If we're talking about a UI, then this would be a higher-priority candidate, however I'd be happy to see this as pure CLI for now as that's where the 'bzr pull' will be done from.
A later enhancement would eb to warp this all up into a web-baed interface for handling updates - maybe GSoC 2012...
Existing Tools
We use dbstruct to handle some types of migration:
- MySQL: http://eden.sahanafoundation.org/browser/static/scripts/tools/dbstruct_mysql.py
- PostgreSQL: http://eden.sahanafoundation.org/browser/static/scripts/tools/dbstruct_postgresql.py
This is normally called from fabfile:
However, dbstruct does not handle table or field renames -- it has no way to know what name "before" should become what name "after". It would assume a renamed table was deleted, and drop it. Nor does it know what to do with added non-null, undefaulted columns, nor table refactoring in general. It could be a starting point for a script to do conversion of a database, given the needed info about name changes and other transformations.
Web2py reads and parses its own *.table files, so there may be Web2py functions that can be used. It also attempts some migration (mainly adding tables and fields and changing options), so having a look at how it executes schema changes could be instructive.
There is also a topological sort tool that reads either a MySQL database schema or the Web2py *.table files and produces a list of tables in topological order by foreign key dependencies (and reports if there are circular dependencies). This allows dumping the database in an order such that there will be no constraint issues when it's loaded.
Some suggested subsets for GSoC
This seems to fall naturally into three pieces:
- Track schema changes revision by revision.
- Compare schemas (e.g. those in Web2py *.table files) and report the differences.
- Attempt to infer what happened (e.g. detect table name changes by matching columns in tables that were in the old schema but not the new to tables that appeared in the new schema).
- Set this up to produce reports revision-by-revision (e.g. have the continuous integration build, which is triggered by commits to the Eden trunk, run a script).
- (Possible contention: see Fran's comments above.)
Provide a UI that allows whoever made the schema change to tell how to convert the database.
For instance, this could include allowing them to:
- Match up renamed tables and columns.
- Describe how to set a value for new unique columns in existing records.
- Provide a template for subdividing records when tables are refactored (in straightforward cases).
- Provide a script to do more complex conversions.
- This subproject would only record the requested conversions, not apply them.
- Design a process to convert a database at one revision into the form needed by a later revision.
- Write a script that converts from revision N to N+1 given the conversion info from the above subprojects.

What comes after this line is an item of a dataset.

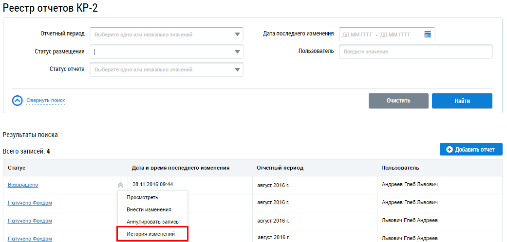 Для просмотра истории изменений выберите пункт контекстного меню История изменений.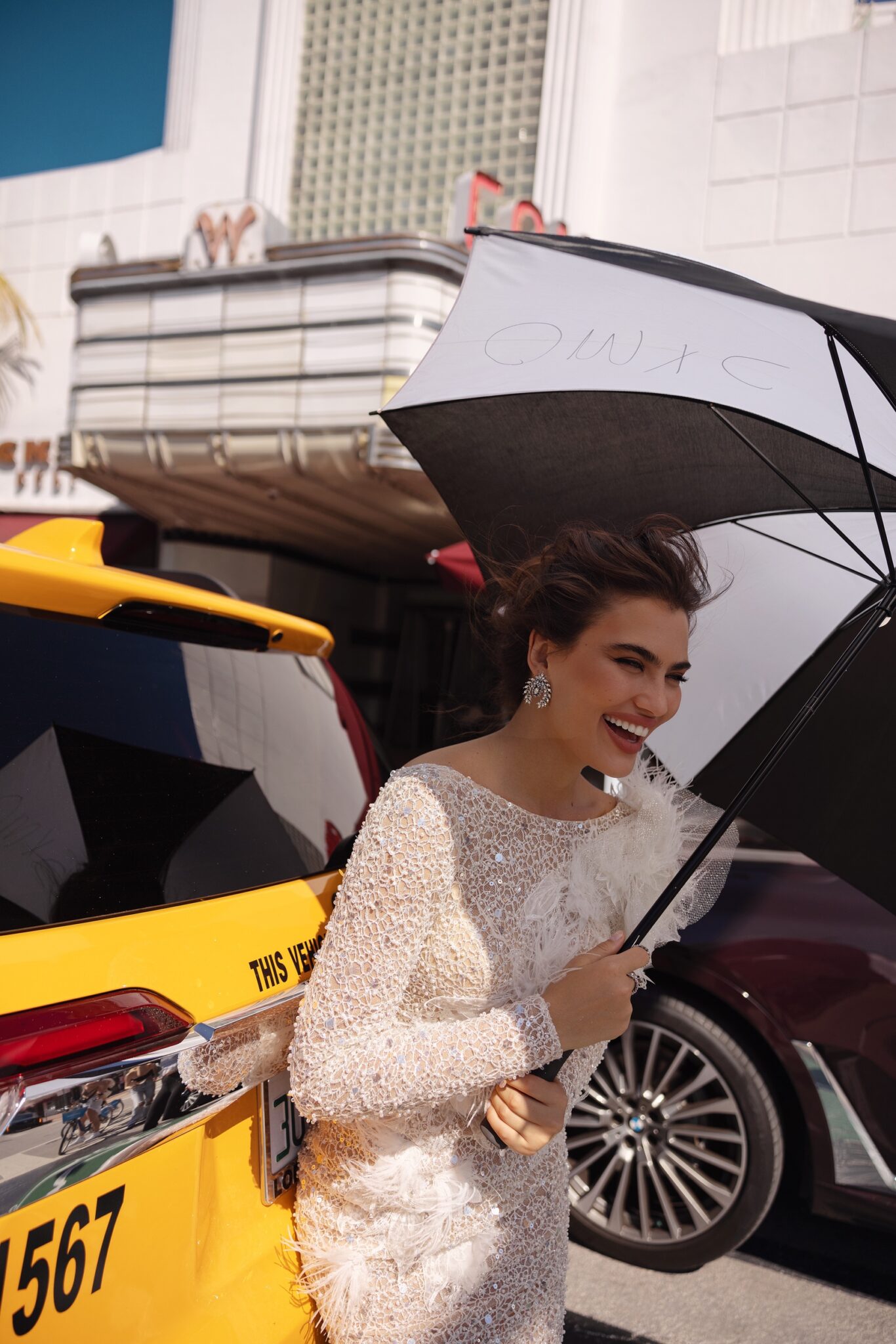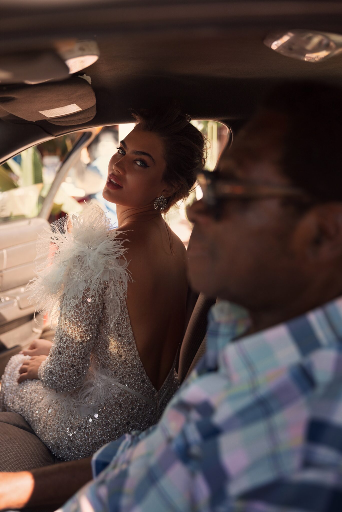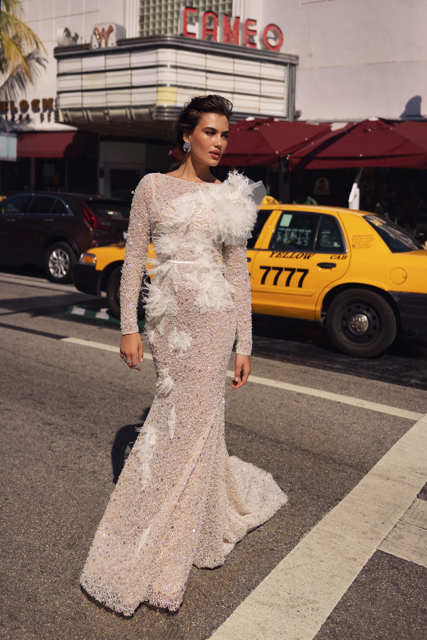 Miami BlissThis stunning piece features intricate details and luxurious fabrics that will leave everyone breathless. Crafted from the finest silk and adorned with delicate sequins and beading, this dress is a work of art. The fitted silhouette hugs your curves in all the right places, creating a flattering and feminine look while the high neckline and long sleeves create an air of sophistication and elegance. But what really sets this dress apart is the stunning feather floral applique that cascades down the skirt. This intricate detail is a true showstopper, adding a touch of romance and femininity to the design. Perfect for the modern bride who wants to make a statement, this dress is sure to turn heads and leave a lasting impression.

- Write a script that backs up the database, gets the starting and ending revisions, and iterates over the conversions.
- As an alternative, it might be possible to take the revision by revision conversions and generate an end-to-end conversion, then apply the end-to-end conversion to the database. This is likely not worth the effort -- its purpose would be speeding up the conversion, but it adds risk and is difficult. So long as the site upgrades fairly regularly, speed should not be an issue.
The first subproject is the most staightforward, and might not require the entire summer. If so, one could get a start on the second subproject. It is possible to make these somewhat independent by specifying what the output of the second subproject will be, so the third could use that before the second was done.